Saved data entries
##############################

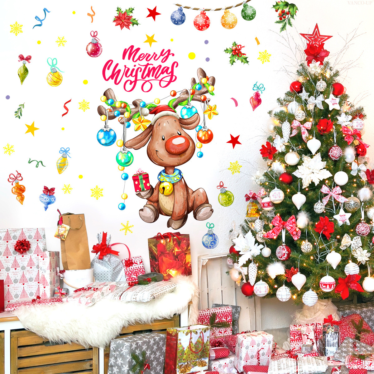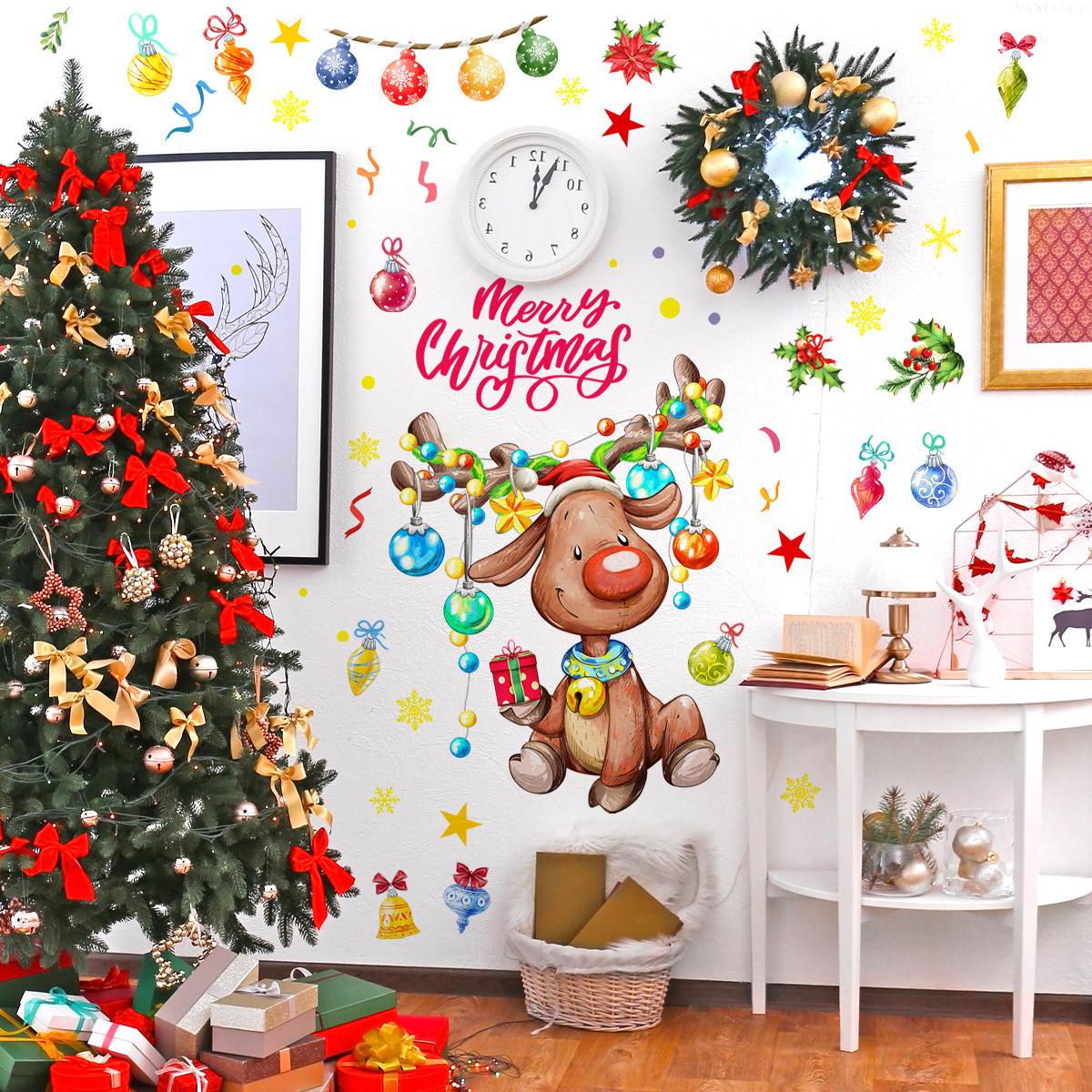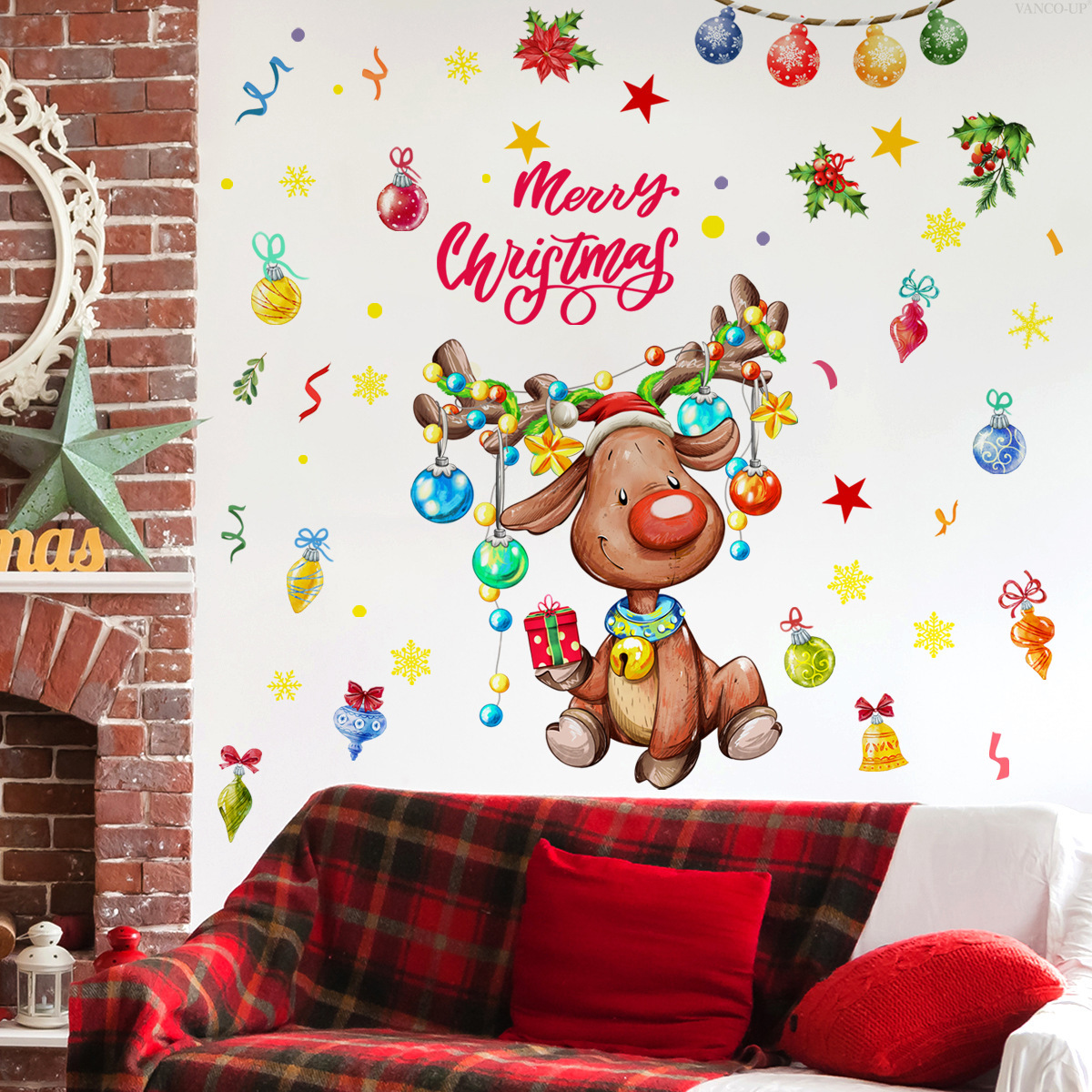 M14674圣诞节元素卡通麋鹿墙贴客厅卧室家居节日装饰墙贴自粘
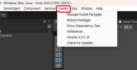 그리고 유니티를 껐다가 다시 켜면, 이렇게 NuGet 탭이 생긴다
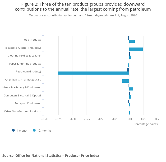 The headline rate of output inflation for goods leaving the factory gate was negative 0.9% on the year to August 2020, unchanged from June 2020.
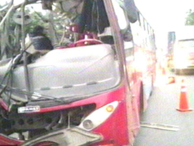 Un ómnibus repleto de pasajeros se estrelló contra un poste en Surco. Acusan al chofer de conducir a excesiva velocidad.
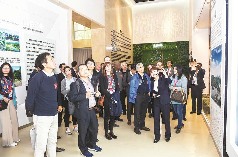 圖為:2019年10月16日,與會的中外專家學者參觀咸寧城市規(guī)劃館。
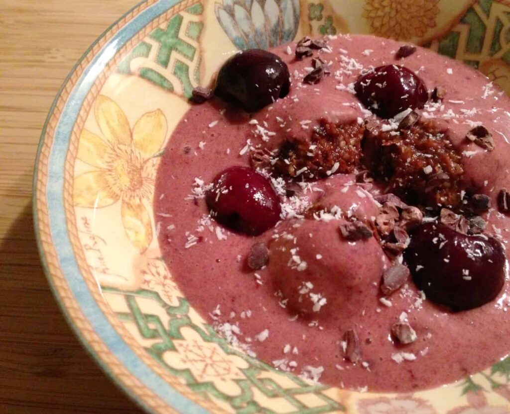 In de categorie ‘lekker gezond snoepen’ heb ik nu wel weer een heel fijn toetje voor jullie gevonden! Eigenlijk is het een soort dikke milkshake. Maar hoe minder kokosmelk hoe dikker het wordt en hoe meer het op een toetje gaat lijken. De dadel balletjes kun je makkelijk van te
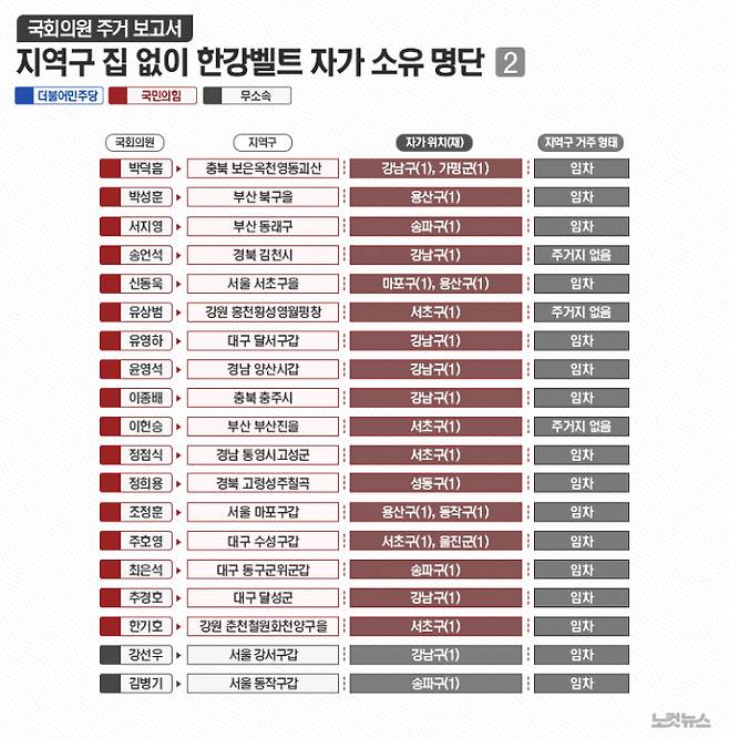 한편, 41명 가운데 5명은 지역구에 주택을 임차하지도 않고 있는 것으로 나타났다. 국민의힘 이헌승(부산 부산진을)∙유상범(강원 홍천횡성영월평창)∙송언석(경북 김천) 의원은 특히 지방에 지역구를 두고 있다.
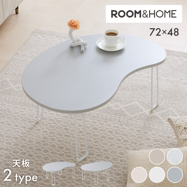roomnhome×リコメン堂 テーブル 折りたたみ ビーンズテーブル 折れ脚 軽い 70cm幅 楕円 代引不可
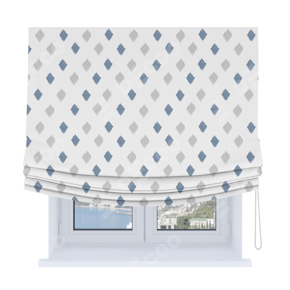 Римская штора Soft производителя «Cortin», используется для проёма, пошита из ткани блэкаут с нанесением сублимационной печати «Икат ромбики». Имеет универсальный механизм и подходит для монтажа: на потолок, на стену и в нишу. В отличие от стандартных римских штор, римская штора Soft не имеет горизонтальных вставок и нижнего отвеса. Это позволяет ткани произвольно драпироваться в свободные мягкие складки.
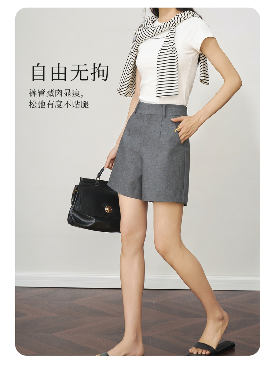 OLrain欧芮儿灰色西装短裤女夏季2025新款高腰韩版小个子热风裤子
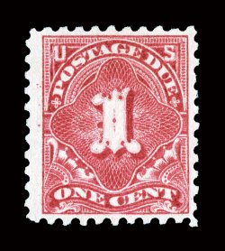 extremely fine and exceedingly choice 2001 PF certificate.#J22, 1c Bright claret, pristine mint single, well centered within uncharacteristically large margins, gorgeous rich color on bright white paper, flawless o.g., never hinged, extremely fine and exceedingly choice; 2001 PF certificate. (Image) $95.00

##############################

■ Exercise prompt
Leaving out each picture, repeat exactly the lines above from the one that contains "圖為:2019年10月16日,與會的中外專家學者參觀咸寧城市規(guī)劃館。" through the one that contains "roomnhome×リコメン堂 テーブル 折りたたみ".

■ Task result
 圖為:2019年10月16日,與會的中外專家學者參觀咸寧城市規(guī)劃館。
 In de categorie ‘lekker gezond snoepen’ heb ik nu wel weer een heel fijn toetje voor jullie gevonden! Eigenlijk is het een soort dikke milkshake. Maar hoe minder kokosmelk hoe dikker het wordt en hoe meer het op een toetje gaat lijken. De dadel balletjes kun je makkelijk van te
 한편, 41명 가운데 5명은 지역구에 주택을 임차하지도 않고 있는 것으로 나타났다. 국민의힘 이헌승(부산 부산진을)∙유상범(강원 홍천횡성영월평창)∙송언석(경북 김천) 의원은 특히 지방에 지역구를 두고 있다.
roomnhome×リコメン堂 テーブル 折りたたみ ビーンズテーブル 折れ脚 軽い 70cm幅 楕円 代引不可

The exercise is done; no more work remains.